Explore and Investigate

Kids love to explore the world around them. Encourage this exploration with activities and suggestions, or by taking them to new places to discover.

IN YOUR OWN BACKYARD

You don’t have to go far to find an amazing, exciting world. Check out these interesting activities (and websites that can help you get started) that can be done right around your home. Don’t worry about buying any equipment if you don’t have it already on hand. Encourage children to use their senses, and perhaps any items they find around your home.

Don’t be afraid to let your children take the lead. What is captivating their attention? What do they want to explore or learn more about? The library can be a great resource for investigating a new subject. You can also search the web for more information on any topic that strikes their fancy.

GO SOMEWHERE NEW

The “Summer at the Museum” program that was introduced this month is a great opportunity to check out local (and not-so-local) museums around the state. Heading to a new location can offer new ways to explore – and new topics that you and your children may have never otherwise discovered. Museums that cover animals, science, art, history, and more are included in the program. Try something new and see what sparks an interest in your child!

Parks, trails, and other natural areas can offer opportunities to explore and investigate, as well. Even a visit to the local splash pad can be educational, as children learn what happens when water comes shooting out of the ground! Bring a bucket or ball for the water to interact with, and see what your children discover.

KEEP IT OPEN-ENDED

Sometimes the biggest discoveries happen by accident, or simply by asking yourself “I wonder what would happen if…” Rather than preparing “lessons” or structured activities, encourage your children to be scientists and see what happens. Give them supplies and ask questions, or just suggest that they find new ways of doing things, or new purposes for items. Ask open-ended questions to get them thinking, such as:

  • How many uses can you find for a spoon, other than scooping up soup or ice cream?
  • What items would float in water? What items would dissolve?
  • What shape would make the best paper airplane?
  • Can you combine two things to make something new?
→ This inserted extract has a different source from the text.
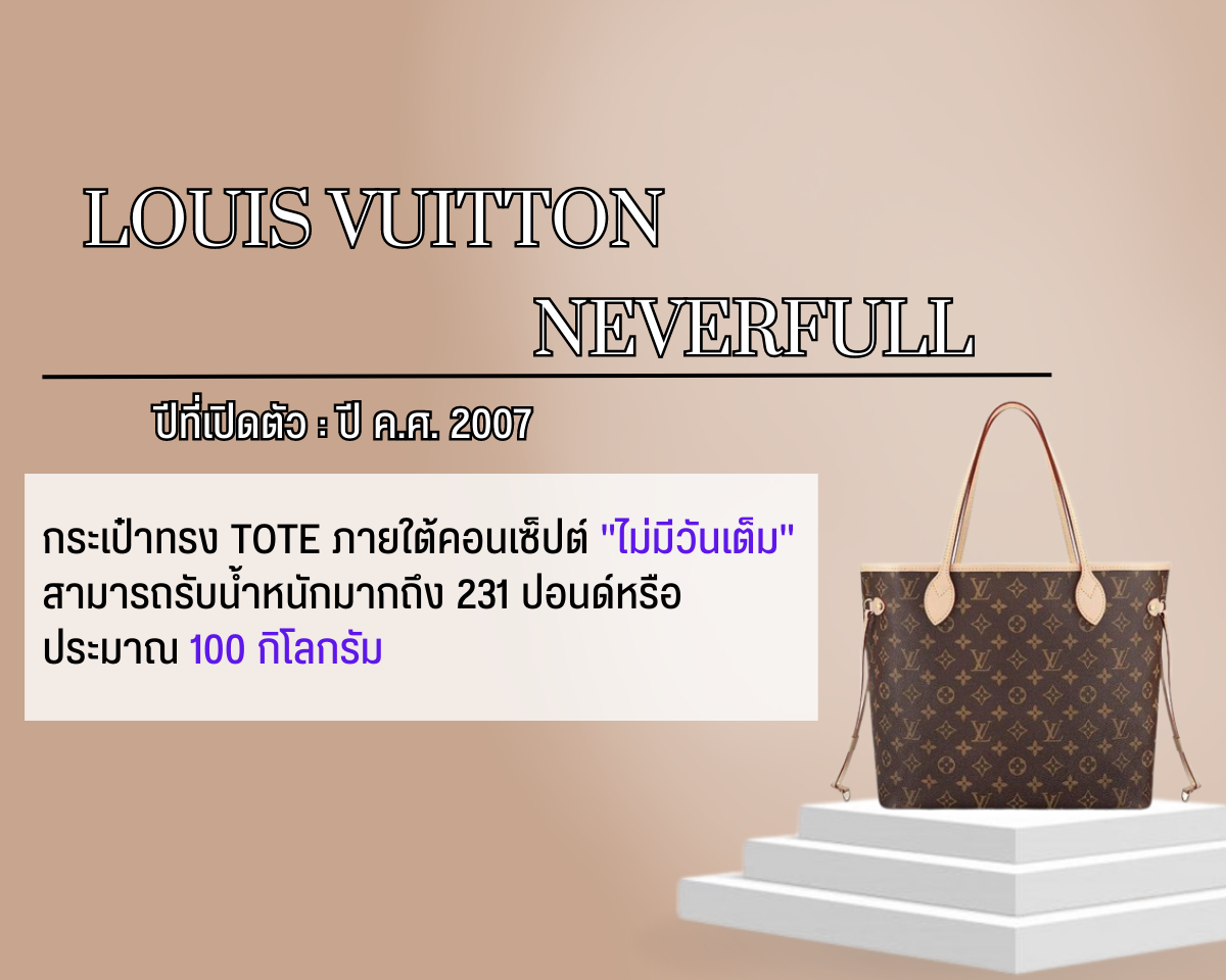 อีกหนึ่งรุ่นคลาสสิกที่ขึ้นแท่นกระเป๋าในตำนานของหลุยส์วิตตอง คือ “Neverfull” ต้นแบบกระเป๋าโท้ตที่ใครๆ ก็รู้จัก เปิดตัวครั้งแรกในปี 2007 และตลอดหลายปีที่ผ่านมาได้กลายเป็นหนึ่งในกระเป๋าหลุยส์วิตตองที่ประสบความสำเร็จมากที่สุด โดยลวดลายของรุ่นนี้มีทั้ง Monogram, Damier, Epi Leather และยังมีรุ่น Limited Edition ซึ่งสาเหตุที่ทำให้ Neverfull เป็นที่นิยมทั่วโลกมาอย่างยาวนาน ไม่เพียงเพราะดีไซน์เหนือกาลเวลาที่เป็นเอกลักษณ์เท่านั้น แต่ด้วยขนาดกระเป๋าที่ใหญ่และมีพื้นที่จุมากพร้อมให้ความรู้สึกทะมัดทะแมง จึงถือเป็นกระเป๋าที่ยอดเยี่ยมสำหรับใช้ในชีวิตประจำวัน
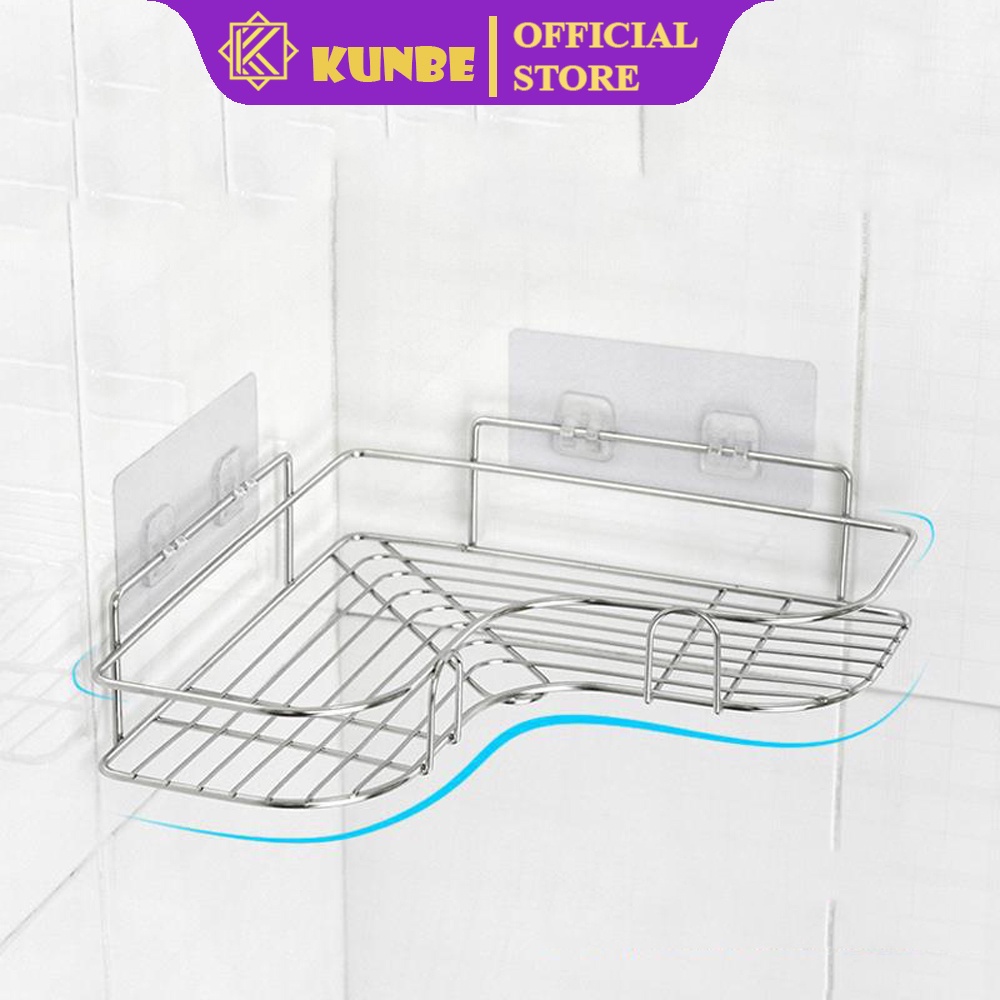 Kệ Góc Inox KUNBE, Gắn Tường Nhà Tắm Bằng Miếng Dính Đôi Cường Lực Chắc Chắn, Không Cần Khoan Đục

While many of these activities are more science-themed in nature, they can also lead to artistic creations. However your child chooses to explore the world around them, encourage them to keep thinking outside the box to investigate and discover. And don’t underestimate the power of lying on your back, staring at the sky, and making shapes with clouds. Looking at things in a new way can be a great way of opening your mind to new possibilities. Have fun exploring!